I have a data frame like this, with different observations for each id:
我有一个这样的数据框,每个id都有不同的观察结果:
library(dplyr)
df <- data.frame(id=c(1,1,1,1,1,2,2,3), v1= rnorm(8), v2=rnorm(8))
I then group by id:
然后我按ID分组:
by_id <- group_by(df, id)
Now I want to calculate mean and sd of the observations of v1 for each id. This is easy with summarise:
现在我想计算每个id的v1观测值的平均值和sd。总结一下这很简单:
df2 <- summarise(by_id,
v1.mean=mean(v1),
v1.sd=sd(v1))
Now I want to add the slope of a linear regression of v1 and v2
现在我想添加v1和v2的线性回归的斜率
df2 <- summarise(by_id,
v1.mean=mean(v1),
v1.sd=sd(v1),
slope=as.vector(coef(lm(v1~v2,na.action="na.omit")[2])))

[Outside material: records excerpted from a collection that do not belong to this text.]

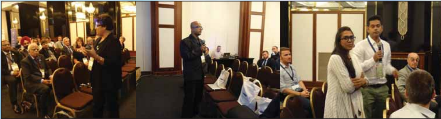
Introduction of Delegates
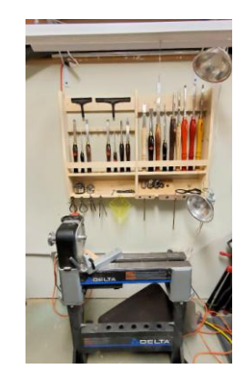
Garage/workshop, everything on wheels, big storage/shelving unit, rack for turning tools.
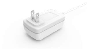
PMA18A-120PHW-R Dimension L82xW43.2xH30mm
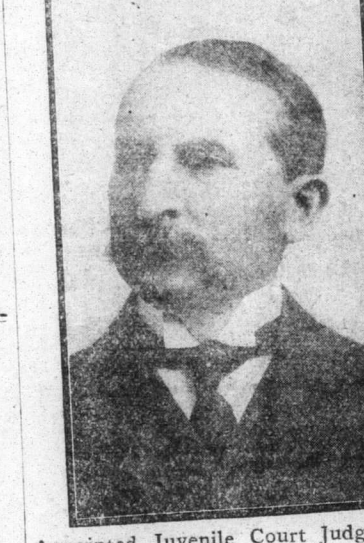
Appointed Juvenile Court Judge for Brant County by the Ontario

his usual health and on his return home expired suddenly from heart failure. He was born in Brant Co.
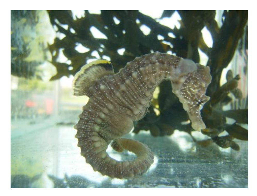
The seahorse's tail is strong, energy efficient and flexible

"We found that the squared-shaped tails are better when both grasping and armour are needed," Dr Porter said.
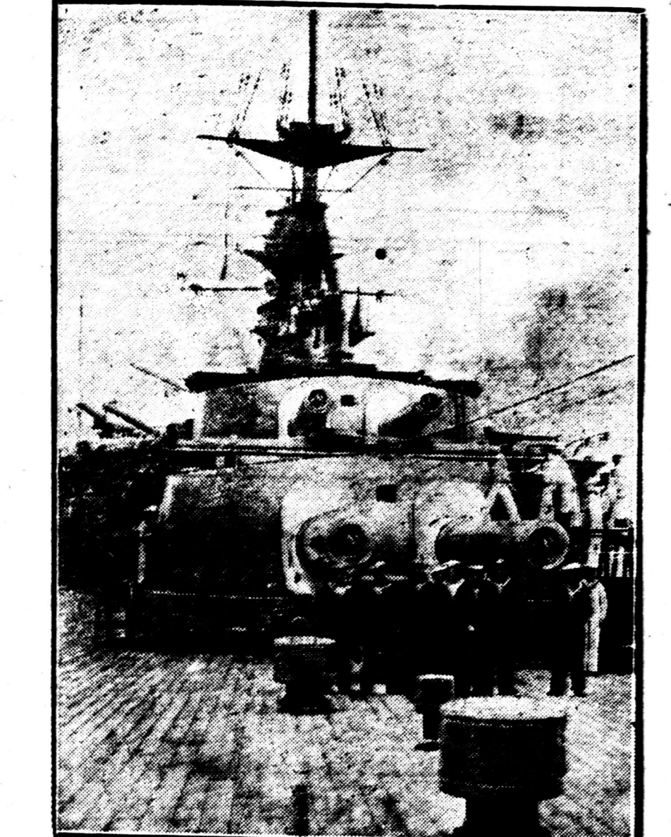
Here is shown the quarter-deck of H.M.S. Hood, giving a view of some of the "big guns" of the navy. The photograph was taken while the special service squadron was at anchor off Quebec.

A despatch from Paris says:—The Reparation Commission decided on Thursday that, during the application of the Dawes reparation plan, the Committee of Guarantees would not exercise the attributions conferred upon it by the Treaty of Versailles and by the schedule of payments of May, 1921.
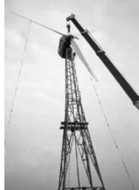
Installing the rotor.

Finally, after overcoming the customs barriers, we got Wind Matic together with new challenges. The workers who were going to install the wind turbine knew only that this
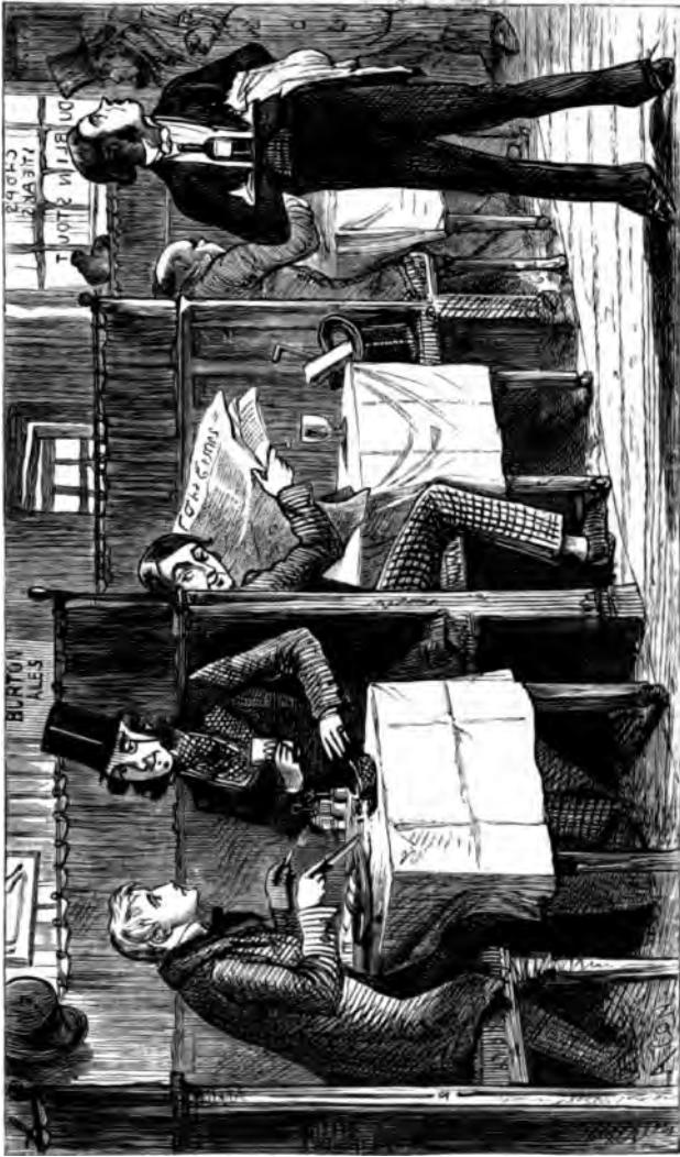
The bitter bit. —p. 198
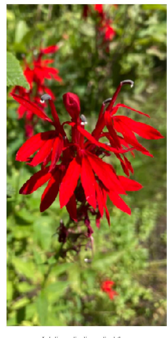
Lobelia cardinalis, cardinal flower
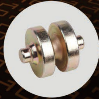
Casting Guide Wheel
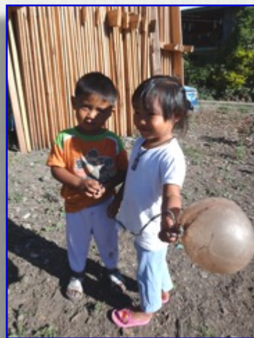
Igorot children with pig bladder balloon!
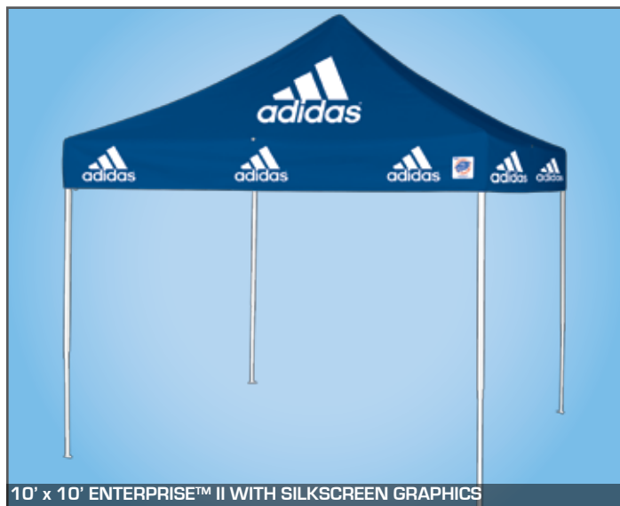
10' x 10' ENTERPRISE™ II WITH SILKSCREEN GRAPHICS
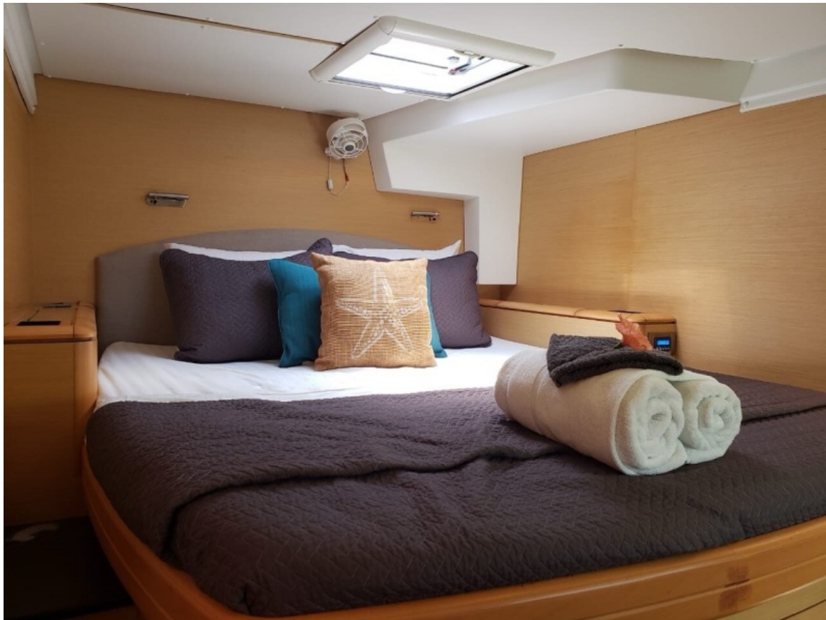
Used Sail Catamaran for sale 2009 Lagoon 500 - SANDSTAR
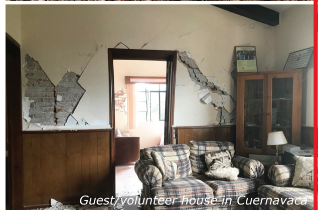
Guest/volunteer house in Cuernavaca
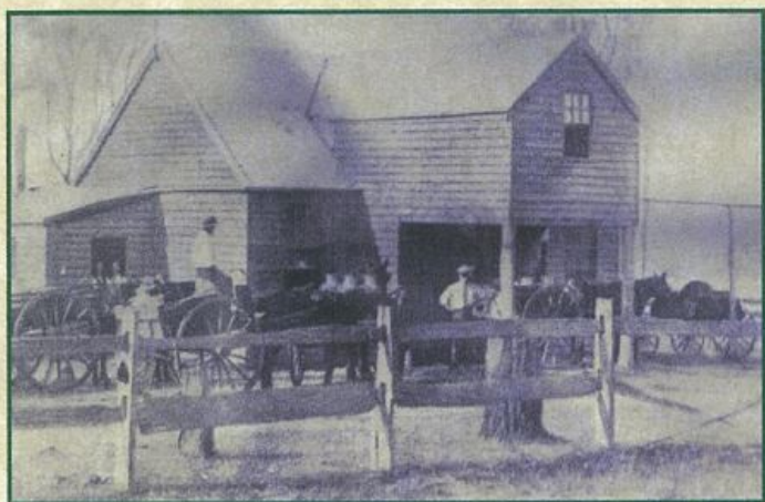
Osterley Creamery ~ site of the original school
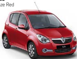
Solid Blaze Red

Availability of certain colours and trims may be limited. Please check with your retailer for more information.
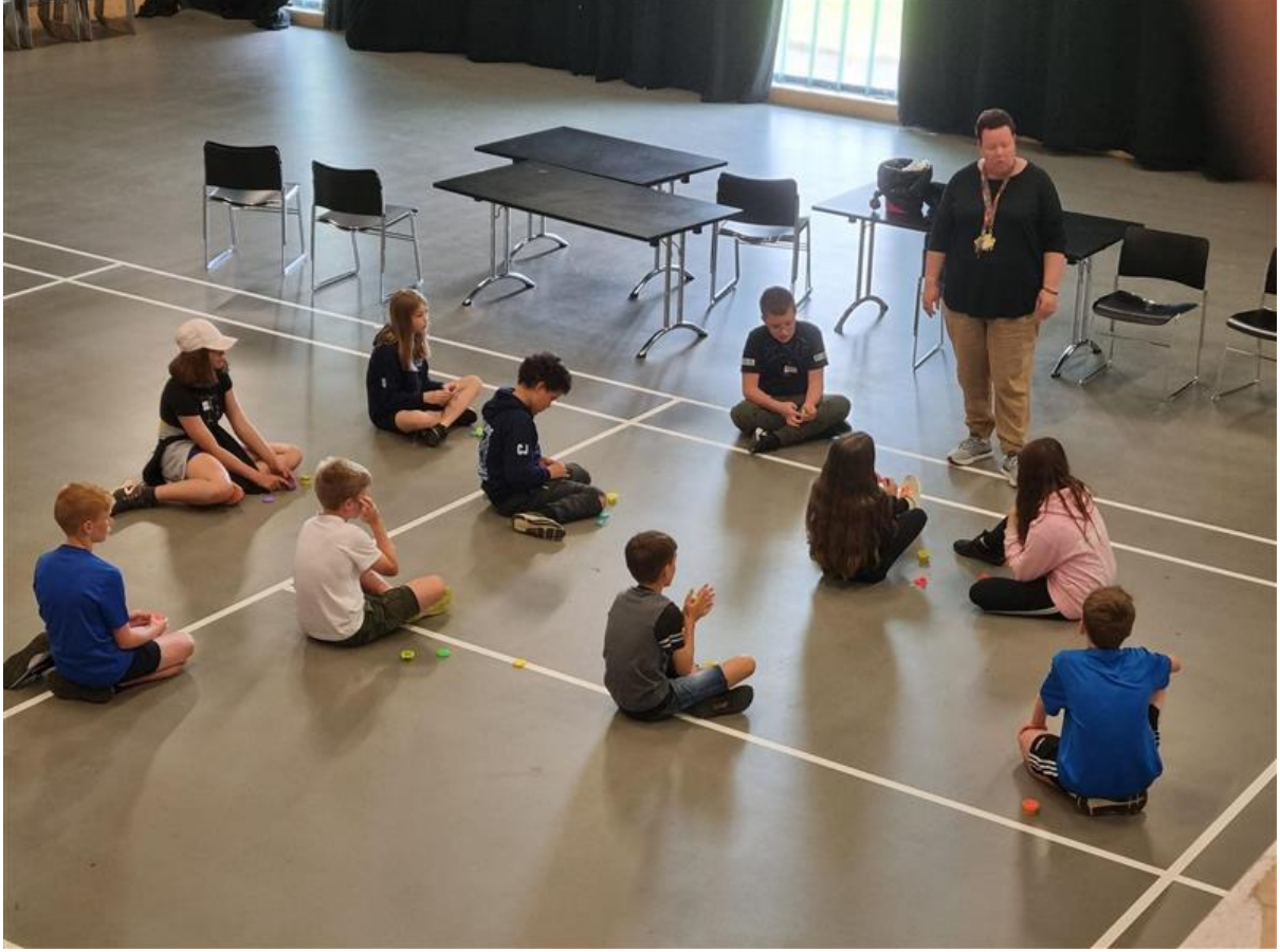
First Aid: Restart a Heart
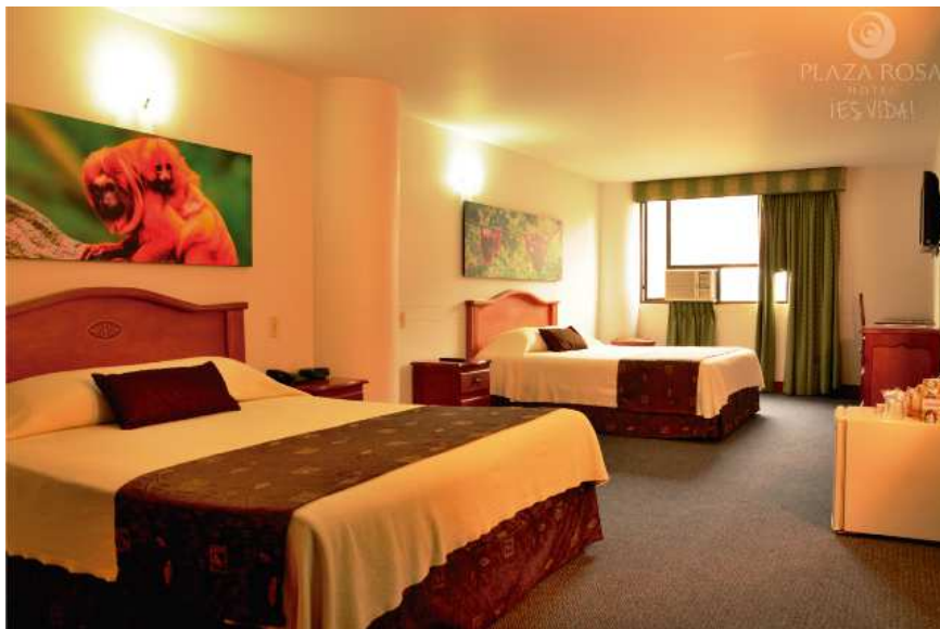
A double room at the Plaza Rosa
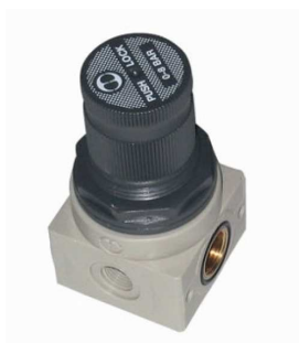
Pressure regulator for MM 101 – DM 2000 S (Code: 092013)
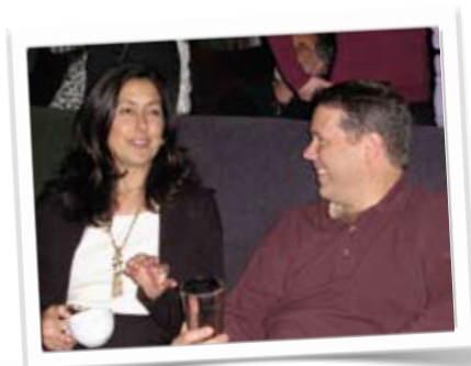
Two History Pub guests enjoy themselves during intermission

Developed by Holy Names Heritage Center, History Pub is a collaborative program of the Heritage Center, Oregon Historical Society, and McMenamins. Each program features a presentation by a humanities expert from fields including history, journalism, law, and women's studies. Whenever possible, individuals who participated in or were affected by the events share their memories as part of the program. The voices of actual historical participants add a unique perspective to the discussion of these important issues.
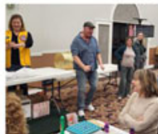
"Heads and Tails" is a great game and this gentleman was pretty happy!

However, this fails, I think because one person (id=3) has only one observation and thus cannot build a linear model.
然而,这失败了,我认为因为一个人(id = 3)只有一个观察,因此不能建立一个线性模型。
I also tried
我也试过了
slope=ifelse(n()==1,0,as.vector(coef(lm(v1~v2,na.action="na.omit")[2]))))
but it does not work either. Is there an easy solution for this?
但它也不起作用。有一个简单的解决方案吗?
Not that it may also be the case that if I have more than one observation but for example v2 has a missing value, so the lm might also fail.
并非如果我有多个观察但是例如v2具有缺失值,那么lm也可能失败。
1 个解决方案
#1
6
you can try this
你可以试试这个
group_by(df, id) %>% do(fit = lm(v1~v2, .)) %>% summarise(intercept = coef(fit)[1], slope= coef(fit)[2])
Source: local data frame [3 x 2]
intercept slope
1 -0.3116880 0.2698022
2 -1.2303663 0.4949600
3 0.3169372 NA
note the use of do and . inside the lm function.
注意使用do和。在lm函数里面。
#1
6
you can try this
你可以试试这个
group_by(df, id) %>% do(fit = lm(v1~v2, .)) %>% summarise(intercept = coef(fit)[1], slope= coef(fit)[2])
Source: local data frame [3 x 2]
intercept slope
1 -0.3116880 0.2698022
2 -1.2303663 0.4949600
3 0.3169372 NA
note the use of do and . inside the lm function.
注意使用do和。在lm函数里面。